WWW 2016 Tutorial: Automatic Entity Recognition and Typing in Massive Text Corpora

In today's computerized and information-based society, we are soaked with vast amounts of natural language text data, ranging from news articles, product reviews, advertisements, to a wide range of user-generated content from social media. To turn such massive unstructured text data into actionable knowledge, one of the grand challenges is to gain an understanding of entities and the relationships between them. In this tutorial, we introduce data-driven methods to recognize typed entities of interest in different kinds of text corpora (especially in massive, domain-specific text corpora). These methods can automatically identify token spans as entity mentions in text and label their types (eg, people, product, organization) in a scalable way. We demonstrate on real datasets including news articles and yelp reviews how these typed entities aid in knowledge discovery and management.

Xiang Ren1, Ahmed El-Kishky1, Chi Wang2, Jiawei Han1

University of Illinois at Urbana Champaign1, Microsoft Research2

Outline

  1. Introduction to entity recognition and typing.
  2. Entity recognition: An overview and phrase-mining approaches
  3. Entity typing: An overview and network mining approach
  4. Trends and research problems

Slides

[PDF][PPT]

Code

[ClusType][SegPhrase][TopMine][PLE]

Publications

Presenters


Xiang Ren, Ph.D. candidate, Department of Computer Science, Univ. of Illinois at Urbana-Champaign. His research focuses on knowledge acquisition from text data and mining linked data. In 2016, he received a Google PhD Fellowship for his work in Structured Data and Database Managment. He is the recipient of C. L. and Jane W.-S. Liu Award and Yahoo!-DAIS Research Excellence Gold Award in 2015. He received Microsoft Young Fellowship from Microsoft Research Asia in 2012.

Ahmed El-Kishky, Ph.D. candidate, Department of Computer Science, Univ. of Illinois at Urbana-Champaign. His research interests include mining large unstructured data, text mining, and network mining. He is the recipient of both the National Science Foundation Graduate Research Fellowship as well as National Defense Science and Engineering Fellowship.

Chi Wang (Ph.D. UIUC, 2014), researcher at Microsoft Research, Redmond, Washington.
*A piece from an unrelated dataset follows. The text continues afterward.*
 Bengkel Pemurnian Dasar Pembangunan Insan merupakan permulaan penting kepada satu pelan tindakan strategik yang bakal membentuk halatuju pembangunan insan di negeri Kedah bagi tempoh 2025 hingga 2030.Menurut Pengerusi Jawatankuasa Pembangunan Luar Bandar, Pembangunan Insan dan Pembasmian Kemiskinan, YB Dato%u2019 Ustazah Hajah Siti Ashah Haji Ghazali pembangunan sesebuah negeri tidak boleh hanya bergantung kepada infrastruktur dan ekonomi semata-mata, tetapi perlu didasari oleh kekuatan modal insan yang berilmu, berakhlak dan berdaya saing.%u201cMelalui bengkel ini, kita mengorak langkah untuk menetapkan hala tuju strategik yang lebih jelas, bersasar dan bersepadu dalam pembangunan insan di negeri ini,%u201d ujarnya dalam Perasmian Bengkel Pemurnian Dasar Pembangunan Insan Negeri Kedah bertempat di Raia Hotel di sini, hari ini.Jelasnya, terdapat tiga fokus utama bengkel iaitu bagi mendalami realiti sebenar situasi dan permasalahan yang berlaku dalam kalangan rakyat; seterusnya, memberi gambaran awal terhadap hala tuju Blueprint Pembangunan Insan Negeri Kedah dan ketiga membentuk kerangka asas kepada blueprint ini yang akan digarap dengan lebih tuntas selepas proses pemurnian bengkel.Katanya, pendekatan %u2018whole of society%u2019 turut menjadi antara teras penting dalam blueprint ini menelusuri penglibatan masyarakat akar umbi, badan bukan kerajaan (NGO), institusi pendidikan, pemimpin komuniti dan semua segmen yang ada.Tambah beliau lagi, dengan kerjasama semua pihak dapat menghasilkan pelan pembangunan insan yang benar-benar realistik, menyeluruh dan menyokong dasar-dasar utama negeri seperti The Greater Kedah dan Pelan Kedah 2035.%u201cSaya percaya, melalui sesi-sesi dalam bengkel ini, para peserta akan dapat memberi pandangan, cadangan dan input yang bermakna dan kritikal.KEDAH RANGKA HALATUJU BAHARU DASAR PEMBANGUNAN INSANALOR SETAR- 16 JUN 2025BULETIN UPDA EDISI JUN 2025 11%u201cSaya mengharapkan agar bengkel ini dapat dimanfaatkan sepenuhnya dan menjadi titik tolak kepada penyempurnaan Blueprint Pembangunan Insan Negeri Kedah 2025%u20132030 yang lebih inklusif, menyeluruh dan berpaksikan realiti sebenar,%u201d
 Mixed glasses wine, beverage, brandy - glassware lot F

He has been researching into discovering knowledge from unstructured and linked data, such as topics, concepts, relations, communities and social influence. His book Mining Latent Entity Structures is published by Morgan Claypool Pub., 2015, in the series of Synthesis Lectures on Data Mining and Knowledge Discovery. He is a winner of Microsoft Research Graduate Research Fellowship.

Jiawei Han, Abel Bliss Professor, Department of Computer Science, Univ. of Illinois at Urbana-Champaign. His research areas encompass data mining, data ware-housing, information network analysis, and database systems, with over 600 conference and journal publications. He is Fellow of ACM and Fellow of IEEE, and received ACM SIGKDD Innovation Award (2004), IEEE Computer Society Technical Achievement Award (2005), and IEEE Computer Society W. Wallace McDowell Award (2009). His co-authored textbook "Data Mining: Concepts and Techniques", 3rd ed., (Morgan Kaufmann, 2011) has been adopted popularly world-wide.